- _WHAT THE TASK ASKS_: Please give back the listing below word for word, without the images.

☆ ☆ ☆ ☆ ☆ ☆ ☆

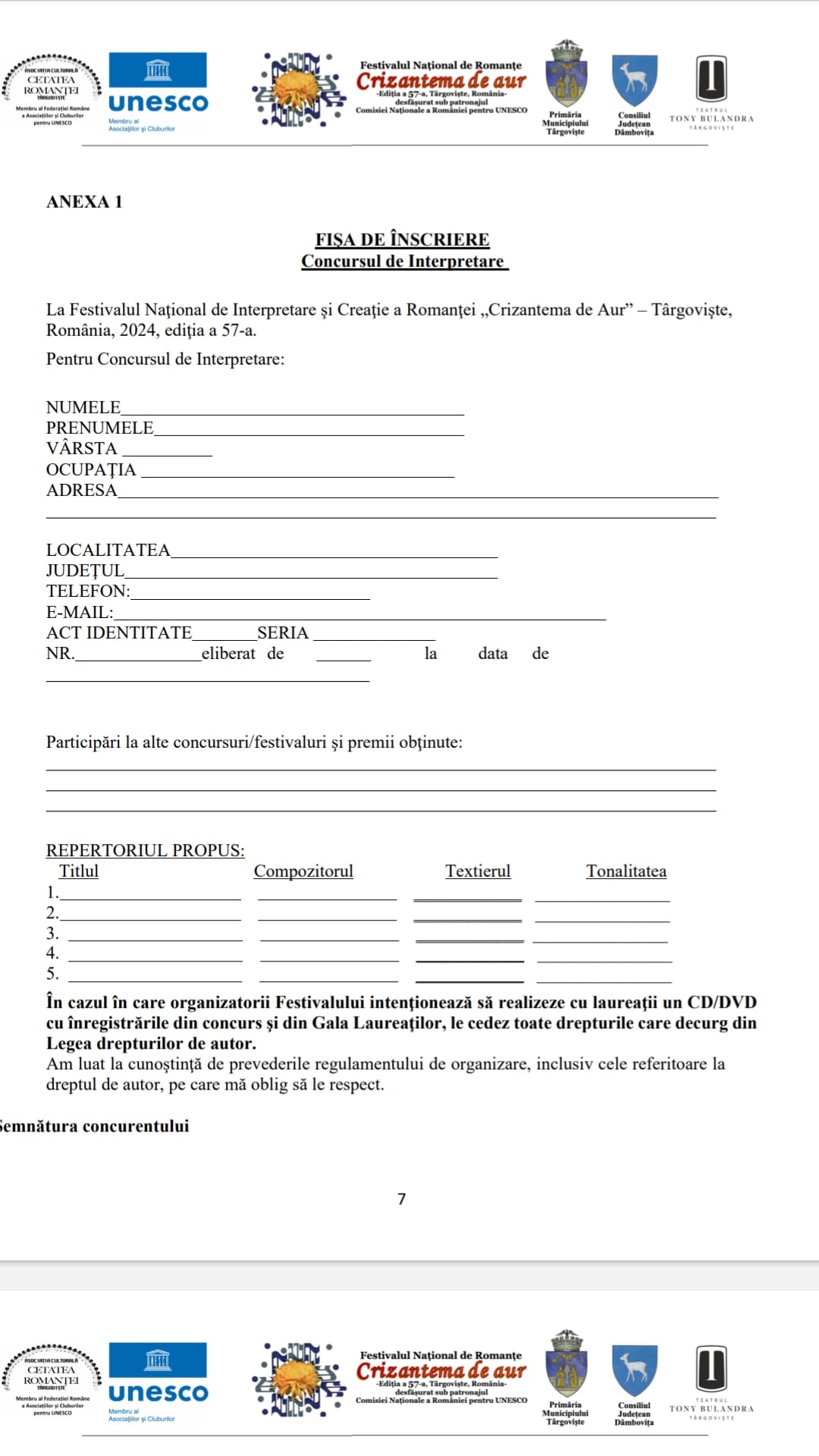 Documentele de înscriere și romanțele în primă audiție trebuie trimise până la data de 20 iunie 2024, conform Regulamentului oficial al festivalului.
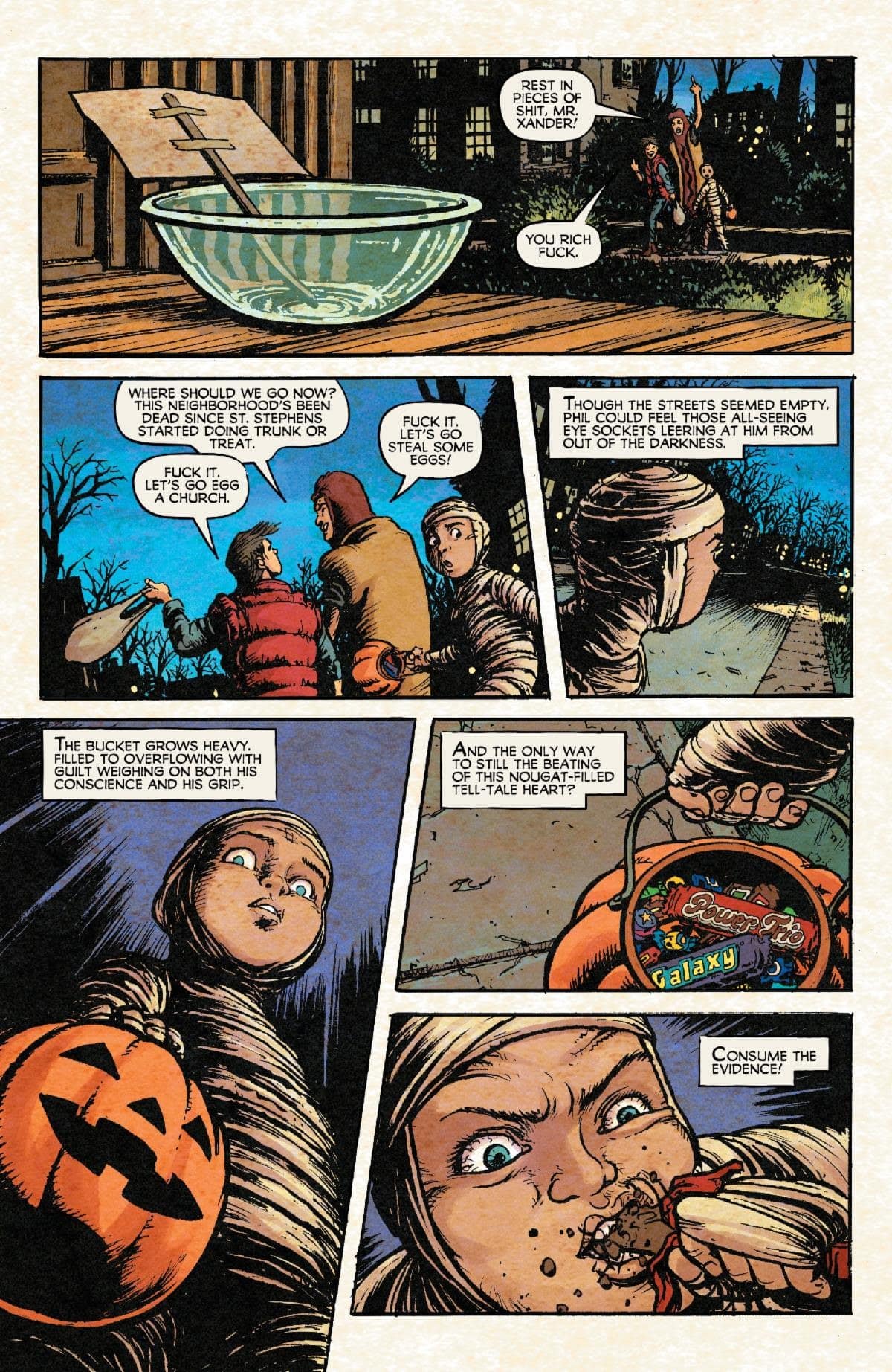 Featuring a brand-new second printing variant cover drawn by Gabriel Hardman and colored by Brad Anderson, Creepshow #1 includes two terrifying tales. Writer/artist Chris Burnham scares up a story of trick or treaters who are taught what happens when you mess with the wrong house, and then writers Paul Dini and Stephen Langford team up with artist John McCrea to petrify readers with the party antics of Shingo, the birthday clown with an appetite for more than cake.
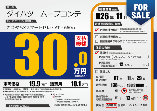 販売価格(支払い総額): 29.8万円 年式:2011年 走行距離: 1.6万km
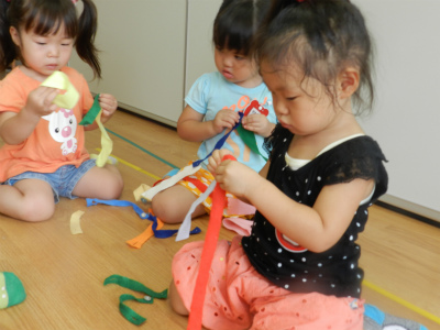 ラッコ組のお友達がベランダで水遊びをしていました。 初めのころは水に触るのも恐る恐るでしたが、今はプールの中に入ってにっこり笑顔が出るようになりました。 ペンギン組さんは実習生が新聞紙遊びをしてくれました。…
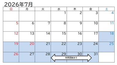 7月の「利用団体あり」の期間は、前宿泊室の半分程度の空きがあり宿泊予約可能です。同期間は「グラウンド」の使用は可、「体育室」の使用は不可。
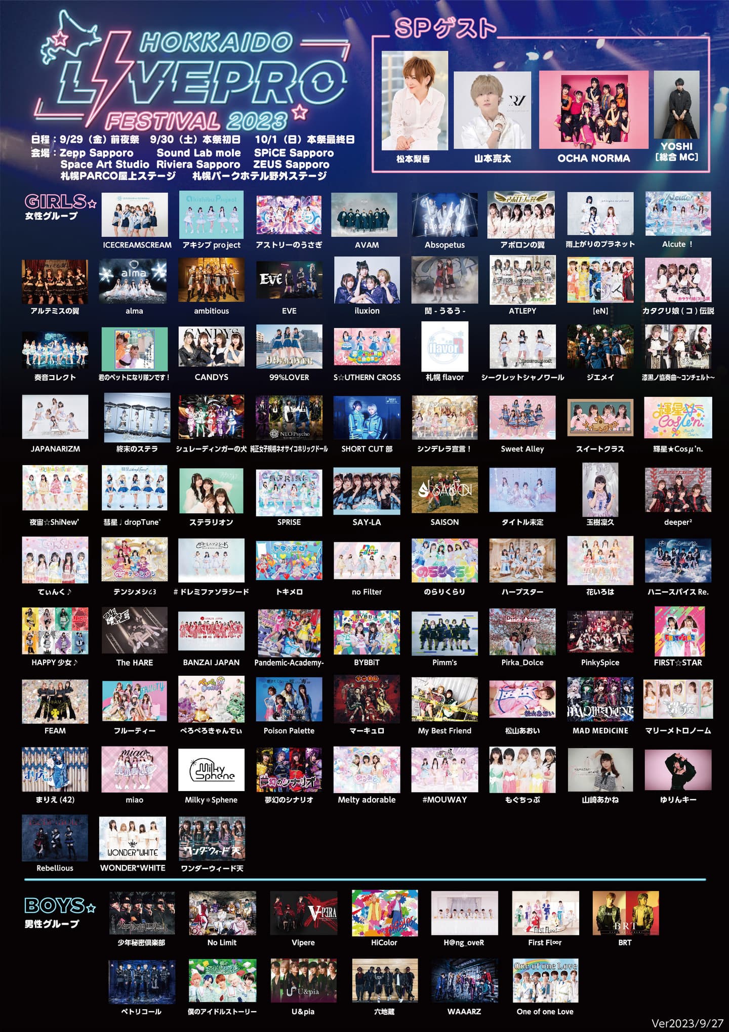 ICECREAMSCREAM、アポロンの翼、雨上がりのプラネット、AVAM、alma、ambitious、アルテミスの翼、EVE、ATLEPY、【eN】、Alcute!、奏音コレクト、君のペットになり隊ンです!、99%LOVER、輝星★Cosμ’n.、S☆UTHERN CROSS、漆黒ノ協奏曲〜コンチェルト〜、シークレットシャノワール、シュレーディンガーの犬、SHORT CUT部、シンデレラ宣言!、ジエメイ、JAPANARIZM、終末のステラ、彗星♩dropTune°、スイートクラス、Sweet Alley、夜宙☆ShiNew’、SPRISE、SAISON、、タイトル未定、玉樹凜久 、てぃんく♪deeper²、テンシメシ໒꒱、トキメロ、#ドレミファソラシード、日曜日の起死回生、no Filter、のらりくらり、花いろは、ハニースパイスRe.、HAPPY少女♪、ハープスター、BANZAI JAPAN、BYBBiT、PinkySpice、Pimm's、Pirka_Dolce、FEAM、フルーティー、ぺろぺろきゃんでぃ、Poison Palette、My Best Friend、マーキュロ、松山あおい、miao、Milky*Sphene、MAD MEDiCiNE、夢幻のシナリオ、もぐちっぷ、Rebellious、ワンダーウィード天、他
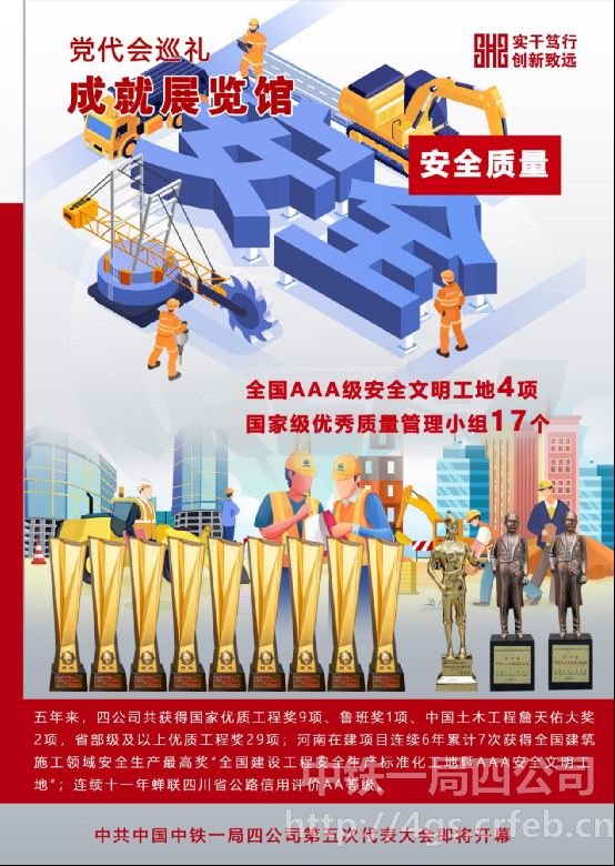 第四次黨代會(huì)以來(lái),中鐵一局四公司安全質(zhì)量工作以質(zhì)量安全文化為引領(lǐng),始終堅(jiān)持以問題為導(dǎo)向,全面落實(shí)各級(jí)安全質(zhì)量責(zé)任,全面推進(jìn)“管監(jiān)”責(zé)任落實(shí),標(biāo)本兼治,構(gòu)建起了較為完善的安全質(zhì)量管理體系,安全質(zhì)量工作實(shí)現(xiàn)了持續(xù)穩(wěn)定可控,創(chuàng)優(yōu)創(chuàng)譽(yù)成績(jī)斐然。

☆ ☆ ☆ ☆ ☆ ☆ ☆

- _EXERCISE ANSWER_:
 Documentele de înscriere și romanțele în primă audiție trebuie trimise până la data de 20 iunie 2024, conform Regulamentului oficial al festivalului.
 Featuring a brand-new second printing variant cover drawn by Gabriel Hardman and colored by Brad Anderson, Creepshow #1 includes two terrifying tales. Writer/artist Chris Burnham scares up a story of trick or treaters who are taught what happens when you mess with the wrong house, and then writers Paul Dini and Stephen Langford team up with artist John McCrea to petrify readers with the party antics of Shingo, the birthday clown with an appetite for more than cake.
 販売価格(支払い総額): 29.8万円 年式:2011年 走行距離: 1.6万km
 ラッコ組のお友達がベランダで水遊びをしていました。 初めのころは水に触るのも恐る恐るでしたが、今はプールの中に入ってにっこり笑顔が出るようになりました。 ペンギン組さんは実習生が新聞紙遊びをしてくれました。…
 7月の「利用団体あり」の期間は、前宿泊室の半分程度の空きがあり宿泊予約可能です。同期間は「グラウンド」の使用は可、「体育室」の使用は不可。
 ICECREAMSCREAM、アポロンの翼、雨上がりのプラネット、AVAM、alma、ambitious、アルテミスの翼、EVE、ATLEPY、【eN】、Alcute!、奏音コレクト、君のペットになり隊ンです!、99%LOVER、輝星★Cosμ’n.、S☆UTHERN CROSS、漆黒ノ協奏曲〜コンチェルト〜、シークレットシャノワール、シュレーディンガーの犬、SHORT CUT部、シンデレラ宣言!、ジエメイ、JAPANARIZM、終末のステラ、彗星♩dropTune°、スイートクラス、Sweet Alley、夜宙☆ShiNew’、SPRISE、SAISON、、タイトル未定、玉樹凜久 、てぃんく♪deeper²、テンシメシ໒꒱、トキメロ、#ドレミファソラシード、日曜日の起死回生、no Filter、のらりくらり、花いろは、ハニースパイスRe.、HAPPY少女♪、ハープスター、BANZAI JAPAN、BYBBiT、PinkySpice、Pimm's、Pirka_Dolce、FEAM、フルーティー、ぺろぺろきゃんでぃ、Poison Palette、My Best Friend、マーキュロ、松山あおい、miao、Milky*Sphene、MAD MEDiCiNE、夢幻のシナリオ、もぐちっぷ、Rebellious、ワンダーウィード天、他
 第四次黨代會(huì)以來(lái),中鐵一局四公司安全質(zhì)量工作以質(zhì)量安全文化為引領(lǐng),始終堅(jiān)持以問題為導(dǎo)向,全面落實(shí)各級(jí)安全質(zhì)量責(zé)任,全面推進(jìn)“管監(jiān)”責(zé)任落實(shí),標(biāo)本兼治,構(gòu)建起了較為完善的安全質(zhì)量管理體系,安全質(zhì)量工作實(shí)現(xiàn)了持續(xù)穩(wěn)定可控,創(chuàng)優(yōu)創(chuàng)譽(yù)成績(jī)斐然。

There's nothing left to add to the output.